Looking at the assembly code, I see that that the function sc_prim_channel_registry::perform_update()
was inlined, and the inner function call m_update_array[i]->perform_update()
seems to corrupt the stack frame of the calling function.
When the m_update_last = -1;
is executed, &m_update_last no longer points to a valid memory location and the exception is thrown.
(m_update_last
is a simple native member of class sc_prim_channel_registry
with type int
)
m_update_phase = true;
m_prim_channel_registry->perform_update();
1034D99E mov eax,dword ptr [esi+10h]
1034D9A1 mov byte ptr [esi+0A3h],1
1034D9A8 mov dword ptr [ebp-18h],eax
1034D9AB mov ebx,dword ptr [eax+28h]
1034D9AE test ebx,ebx
1034D9B0 js $LN163+0FEh (1034D9D0h)
1034D9B2 mov esi,eax
1034D9B4 mov eax,dword ptr [esi+20h]
1034D9B7 mov edi,dword ptr [eax+ebx*4]
1034D9BA mov ecx,edi
1034D9BC mov eax,dword ptr [edi]
1034D9BE call dword ptr [eax+14h]
1034D9C1 sub ebx,1
1034D9C4 mov byte ptr [edi+1Ch],0
1034D9C8 jns $LN163+0E2h (1034D9B4h)
1034D9CA mov esi,dword ptr [this]
1034D9CD mov eax,dword ptr [ebp-18h]
1034D9D0 mov dword ptr [eax+28h],0FFFFFFFFh
m_update_phase = false;
The exception is thrown at address 1034D9D0
So the last instructions being executed are
0F97D9CD mov eax,dword ptr [ebp-18h]
0F97D9D0 mov dword ptr [eax+28h],0FFFFFFFFh
m_prim_channel_registry
address is in [ebp-18h] and eax, and [eax+28h] is m_update_last
.
Looking in the watch window at esp and ebp before the inner call perform_update()
, I see that:
ebp-18h 0x0022fd5c unsigned int
esp 0x0022fd60 unsigned int
This is strange.

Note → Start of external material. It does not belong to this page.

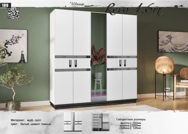 Шкаф с Антресолью "Рево" (Revo) 5Д Белый/Цемент темный, Elegant |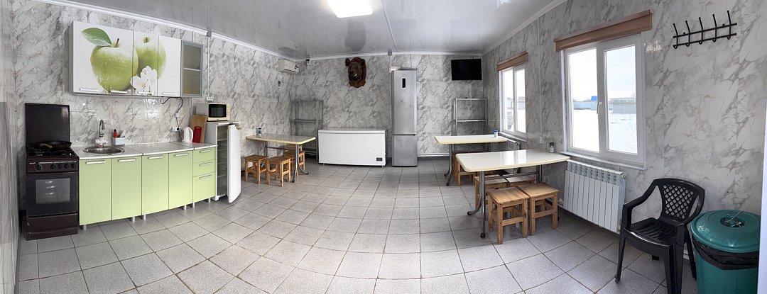 На территории базы есть автостоянка, а также морозильные камеры, мангалы, казан и коптильня. Для гостей доступны две большие кухни, оснащенные микроволновой печью, газовой плитой, чайником и всей необходимой посудой для приготовления вкусных блюд.

The difference between them is only 4 bytes and the next push to the stack will make them equal and overwrite [ebp-18h]!
[ebp-18h] holds a copy of this->m_prim_channel_registry
. The call 1034D9BE call dword ptr [eax+14h]

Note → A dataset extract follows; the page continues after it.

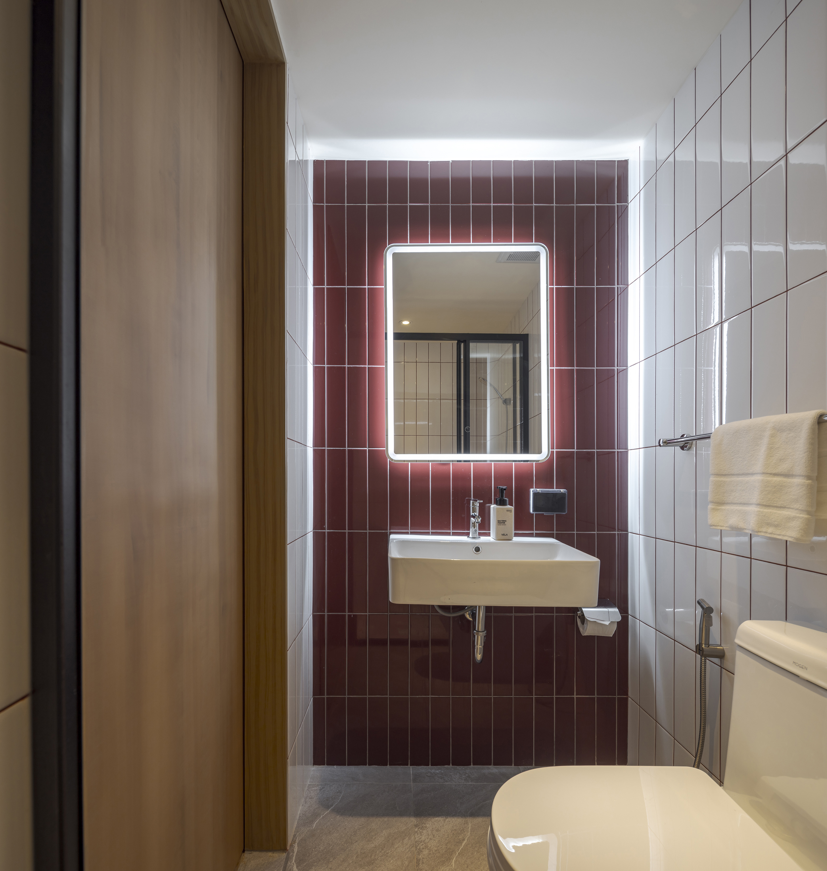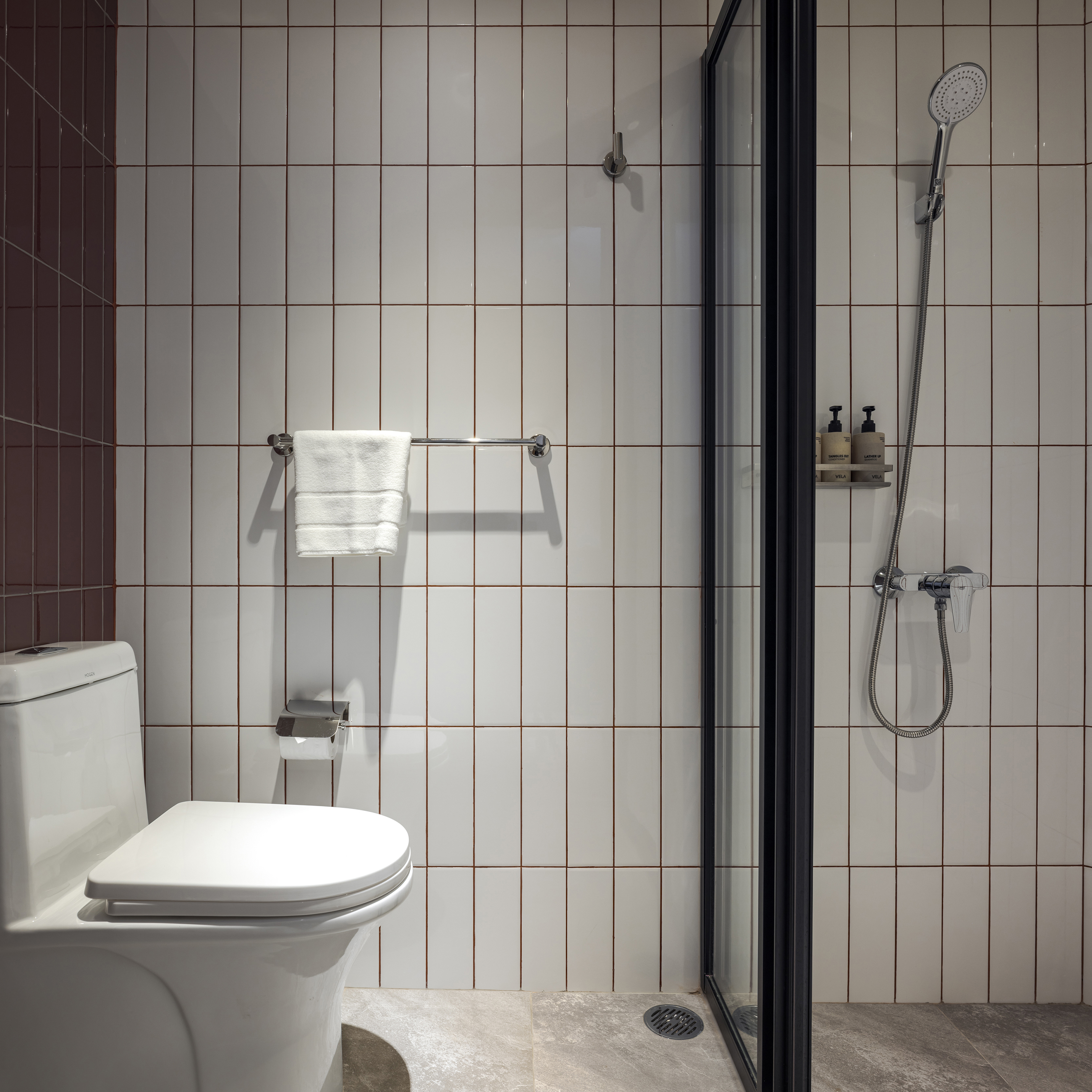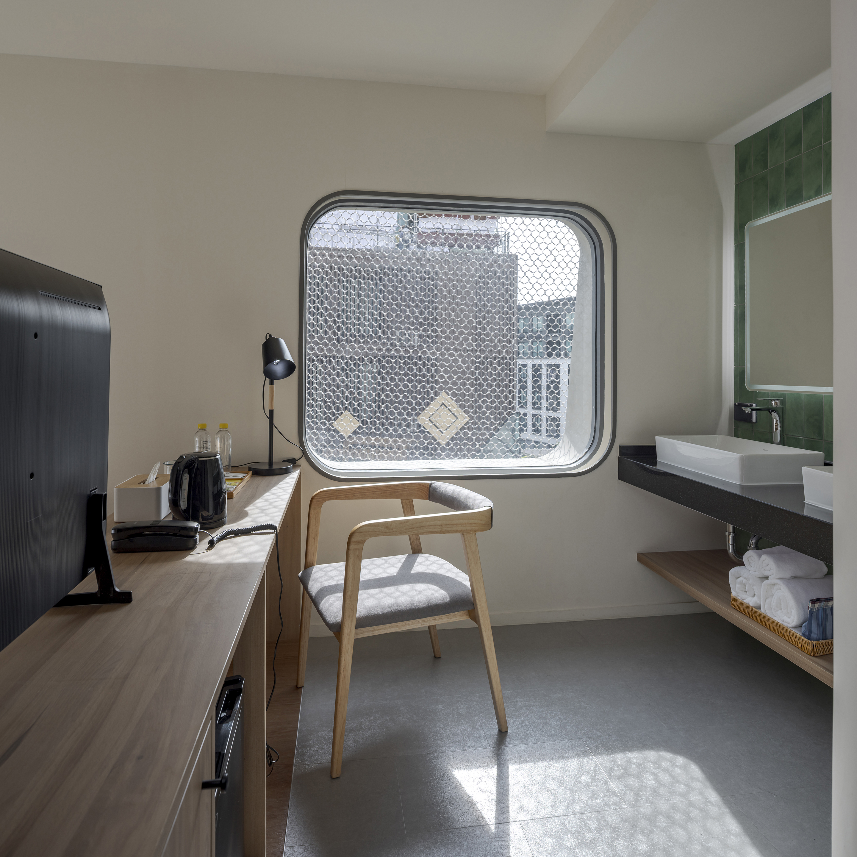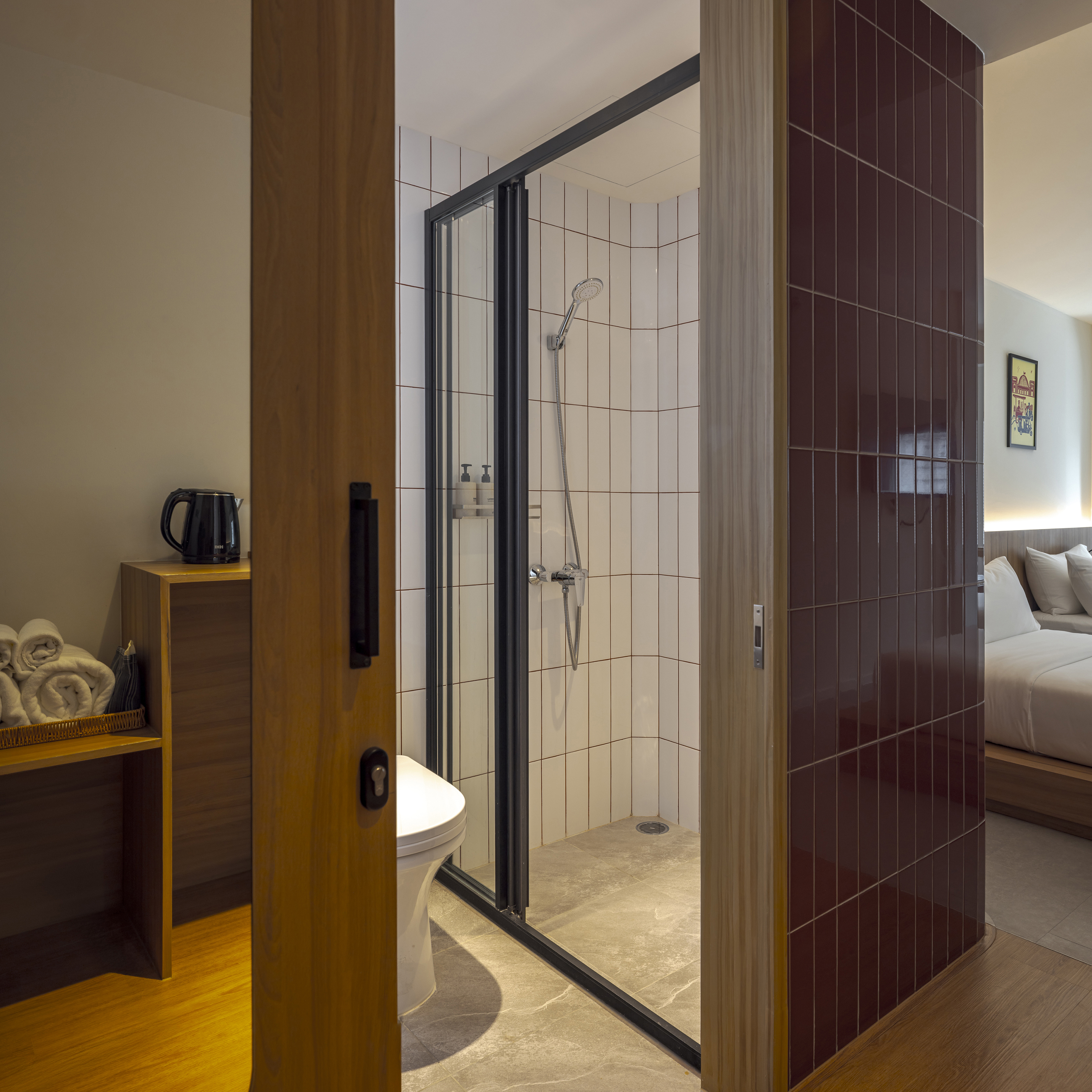각 층은 층수를 표시하는 고유한 색으로 디자인된 엘리베이터 홀을 통해 개성을 드러낸다. 객실에 가까워질수록 색은 점차 차분하고 은은하게 전환되며, 숙면을 위한 안정적인 분위기를 조성한다. 그러나 차분함 속에서도 장난스러운 요소는 이어진다. 욕실 외벽은 다채로운 타일 패턴으로 마감되어 즐거운 리듬감을 공간에 불어넣는다.

, as it pushes the stack, corrupts the contents of ebp-18h. It looks like the stack has grown (downwards) too much, and corrupts the previous frame.
My questions are:
- Am I analyzing the issue correctly? Did I miss something here?
- What could cause such a corruption? I assume the issue is not related to either the compiler or the SystemC library, probably something that happened earlier someplace else.

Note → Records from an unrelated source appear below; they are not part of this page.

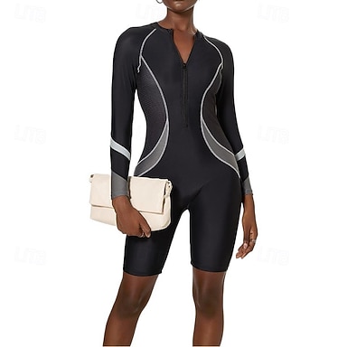 Femmes Maillot Anti UV Une pièce Patchwork Zip Up Longueur du genou Protection UV Élastique manche longue Maillot de Bain Maillot de bain Surf Plongée en apnée Natation Printemps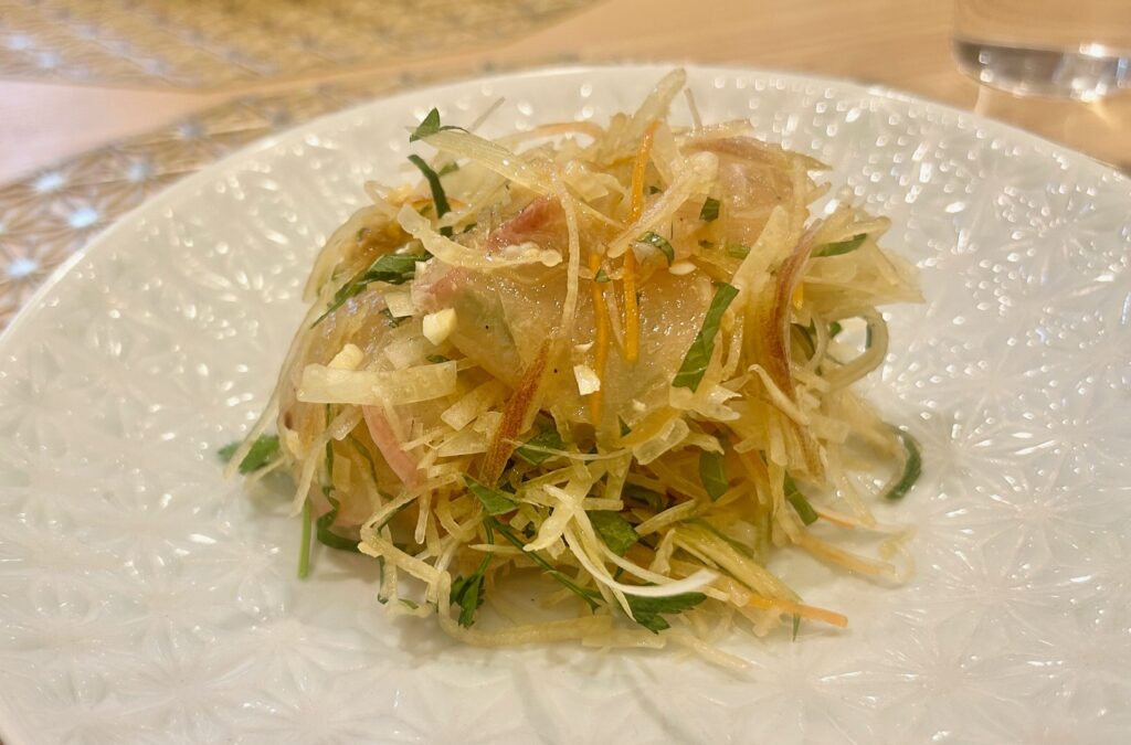 3品目は中華風のお刺身。香味野菜と鯛が豪快に盛り付けられてこちらに中華醤油をかけて混ぜ合わせる。ずっと昔に「海皇」という高級海鮮中華料理屋さんでいただいた記憶がある。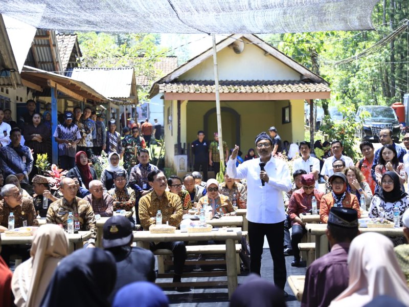 Mensos Saifullah Yusuf dan para menteri serta pejabat Jakarta berada di Dusun Suko Sumbermanis di Kelurahan Gombengsari, Kecamatan Kalipuro, Banyuwangi, mengamati langsung proses pendaftaran bansos yang berlangsung cepat dan mudah. (Foto: Dukcapil/Lukman)

- What are the techniques for debugging such a corruption?
Update
I believe I found the problem, but I can't say I understand this completely.
In the same function (sc_simcontext::crunch
) where the external perform_update()
is invoked, systemc methods are invoked:
// execute method processes
sc_method_handle method_h = pop_runnable_method();
while( method_h != 0 ) {
try {
method_h->execute();
}
catch( const sc_exception& ex ) {
cout << "\n" << ex.what() << endl;
m_error = true;
return;
}
method_h = pop_runnable_method();
}
These methods are deferred function calls registered earlier.
One of these methods was returning by executing ret 4
thus shrinking the stack frame every time it was called, to the point where the corruption described above happened.
And how did I manage registering a corrupted systemc method?
Apparently it's a bad idea using SC_METHOD(f)
when f is a virtual function of the module. Doing that caused a different, unrelated "random" function to be called.
I'm not exactly sure why it happens this way and why this limitation exists. Also I don't remember seeing any warning about using virtual member functions as systemc methods, however it was definitely the problem. When debugging the method registration in the SC_METHOD call itself I could see the function pointer inside pointing to a different function than was given to the SC_METHOD macro.
To fix the problem I called SC_METHOD(wrapper_f)
, where wrapper_f
is a simple non virtual member function of the module, that all it does is calling f
, the original virtual function. That's it.